▸ Dataset records
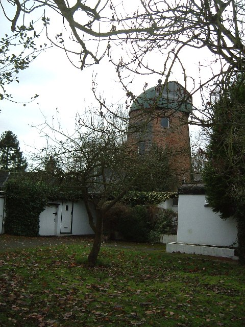 The Windmill, Tring. Hidden away at the top of Miswell Lane just before it meets Icknield Way, is Tring's sole remaining Windmill (as far as I know !). It has no sails though, and is now a private house.
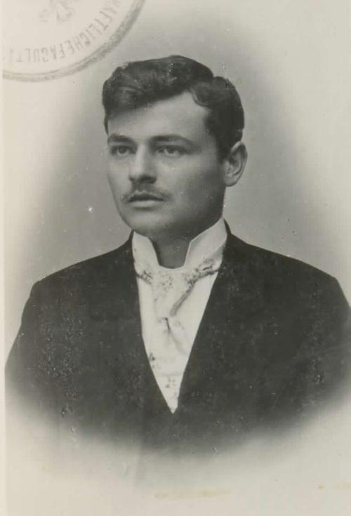 France Kidrič (1880-1950), slovene literary historian.
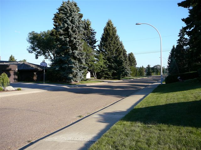 Laurier Heights residential street near Buena Vista Road.
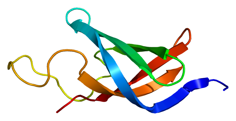 Structure of the YBX1 protein. Based on PyMOL rendering of PDB 1h95.
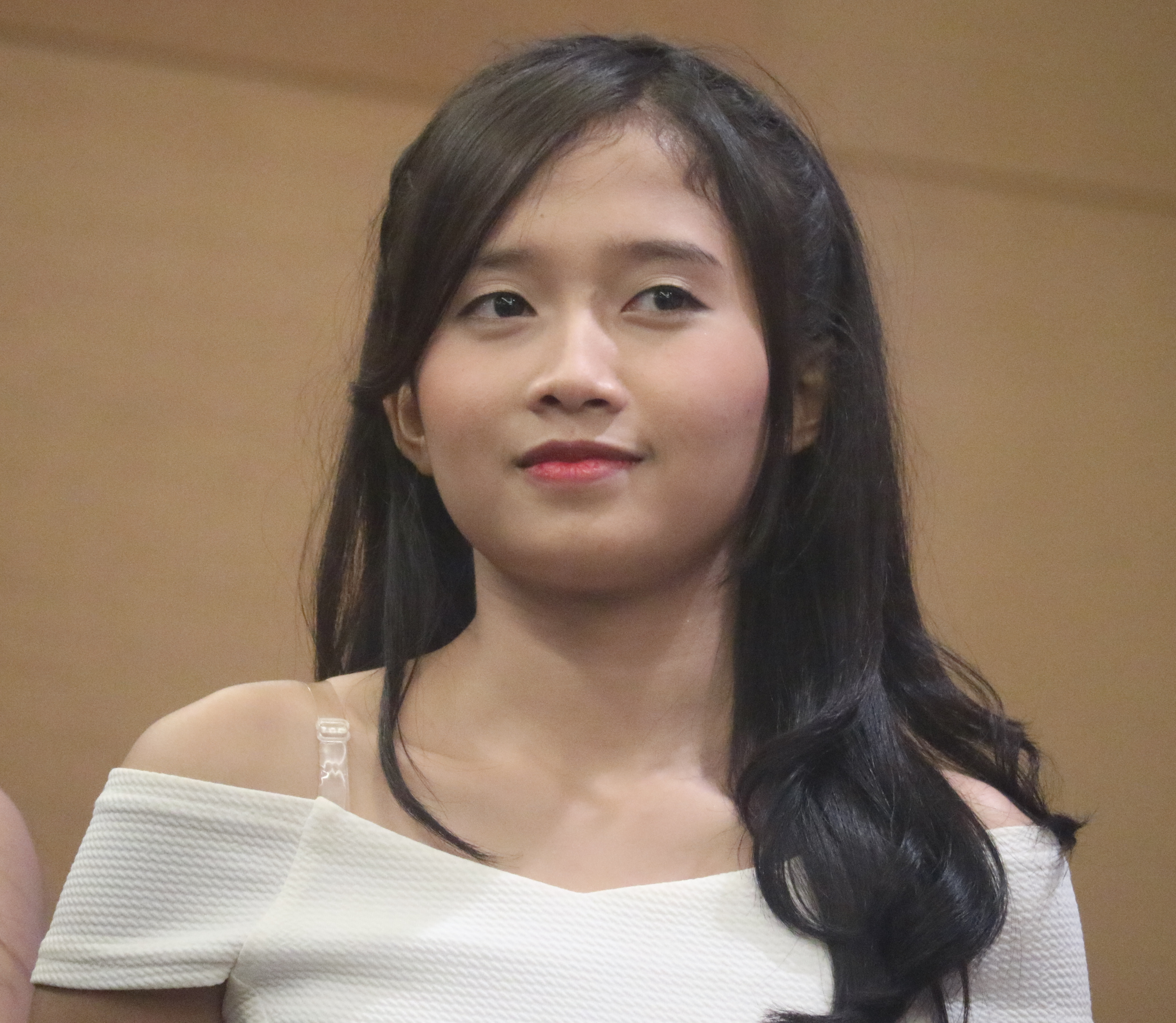 Putri Cahyaning Anggraini at HS UZA
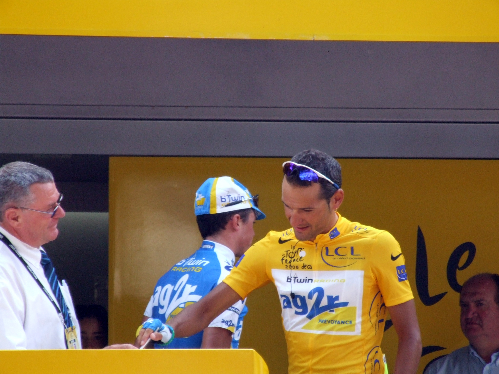 Cyril Dessel in the Yellow Jersey. Picture taken at the Tour de France stage 11 in Tarbes.
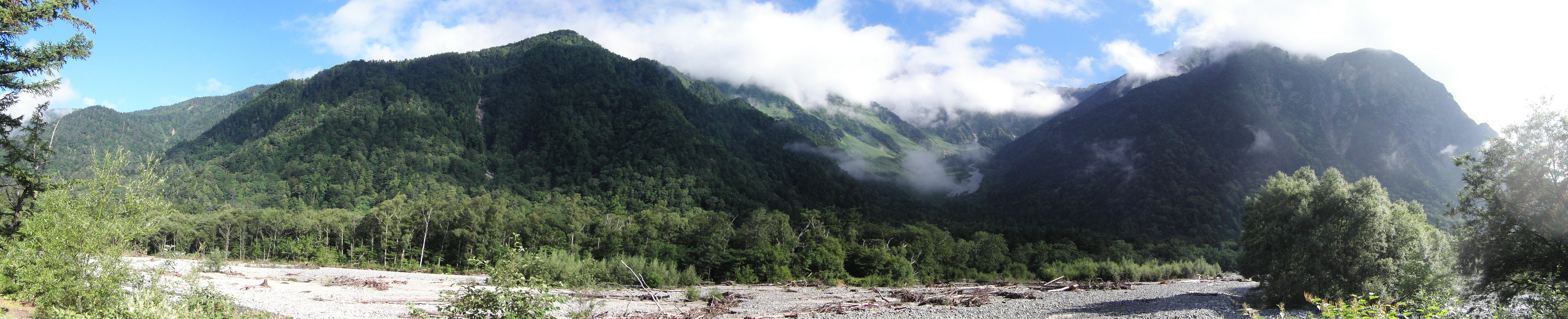 Panoramic view of the Kamikouchi valley, Japanese alps, Nagano prefecture, Japan. View of the valley in front of the Hotaka-dake mountain, from the camping area. Composed from 6 images.
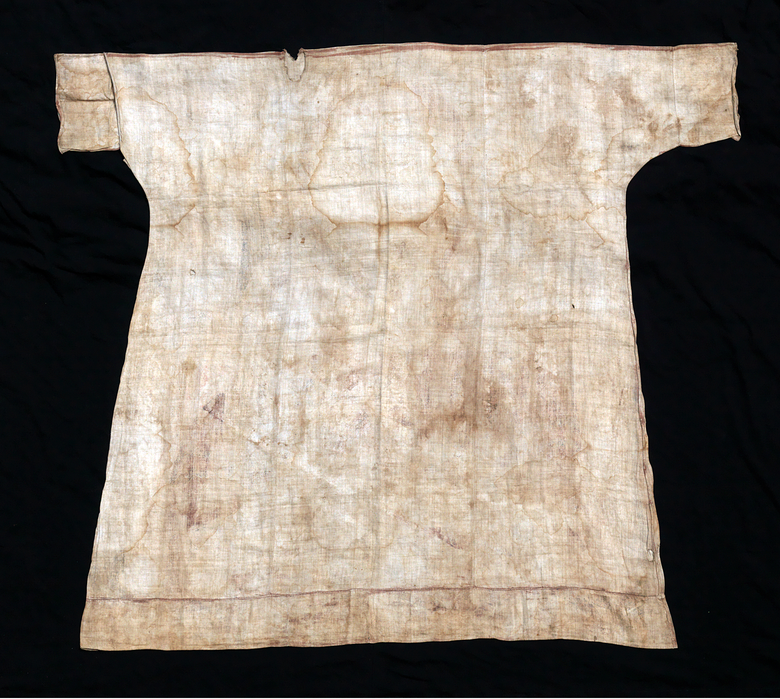 samoseli

▸ Required action
For this exercise, output only the lines from the one bearing "Cyril Dessel in" to the end of the material above, exactly as written, with pictures left out.

▸ Output below
 Cyril Dessel in the Yellow Jersey. Picture taken at the Tour de France stage 11 in Tarbes.
 Panoramic view of the Kamikouchi valley, Japanese alps, Nagano prefecture, Japan. View of the valley in front of the Hotaka-dake mountain, from the camping area. Composed from 6 images.
 samoseli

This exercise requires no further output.